Description of the task ::
For this listing, the lines between the one holding "SHEIN Leap Crew" and the one holding "Ein Gewitter mit", inclusive, must be set down exactly.

Supplied data ::

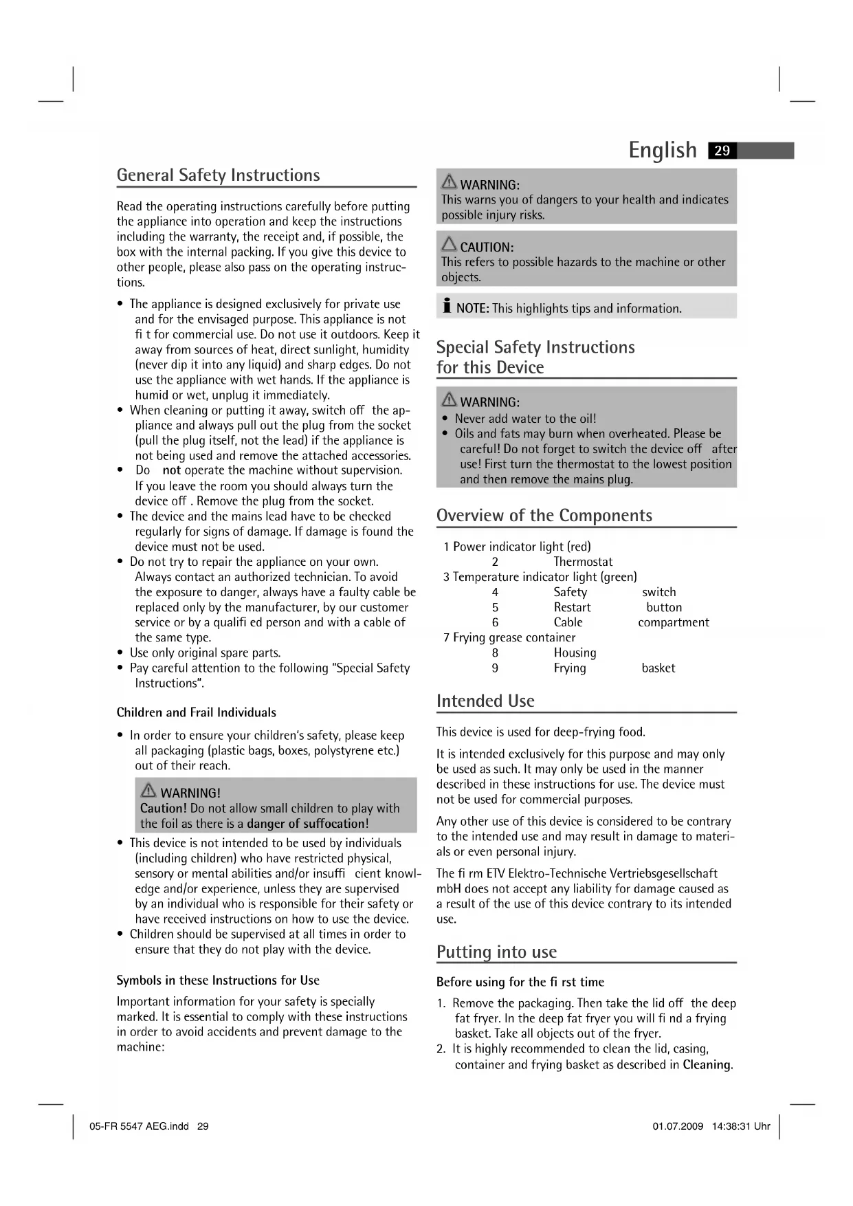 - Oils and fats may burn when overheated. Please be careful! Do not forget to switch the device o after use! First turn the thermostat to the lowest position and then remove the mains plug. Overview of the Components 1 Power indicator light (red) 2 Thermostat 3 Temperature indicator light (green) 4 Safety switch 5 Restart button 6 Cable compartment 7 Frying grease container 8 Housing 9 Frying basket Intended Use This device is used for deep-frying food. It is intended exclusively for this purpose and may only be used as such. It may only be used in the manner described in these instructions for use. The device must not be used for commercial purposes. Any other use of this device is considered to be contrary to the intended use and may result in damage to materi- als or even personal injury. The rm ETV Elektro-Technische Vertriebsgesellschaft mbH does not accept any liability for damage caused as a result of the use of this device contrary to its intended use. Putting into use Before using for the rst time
==
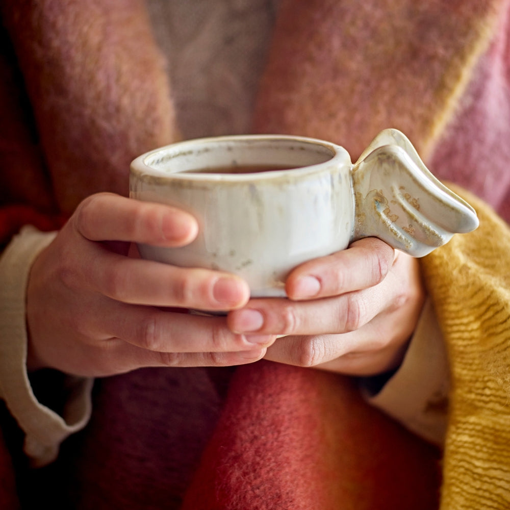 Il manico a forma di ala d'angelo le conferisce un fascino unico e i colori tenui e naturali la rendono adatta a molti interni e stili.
==
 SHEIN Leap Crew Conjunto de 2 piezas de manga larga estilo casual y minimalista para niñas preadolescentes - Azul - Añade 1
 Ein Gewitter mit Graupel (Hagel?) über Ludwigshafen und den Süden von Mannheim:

Task result ::
 SHEIN Leap Crew Conjunto de 2 piezas de manga larga estilo casual y minimalista para niñas preadolescentes - Azul - Añade 1
 Ein Gewitter mit Graupel (Hagel?) über Ludwigshafen und den Süden von Mannheim:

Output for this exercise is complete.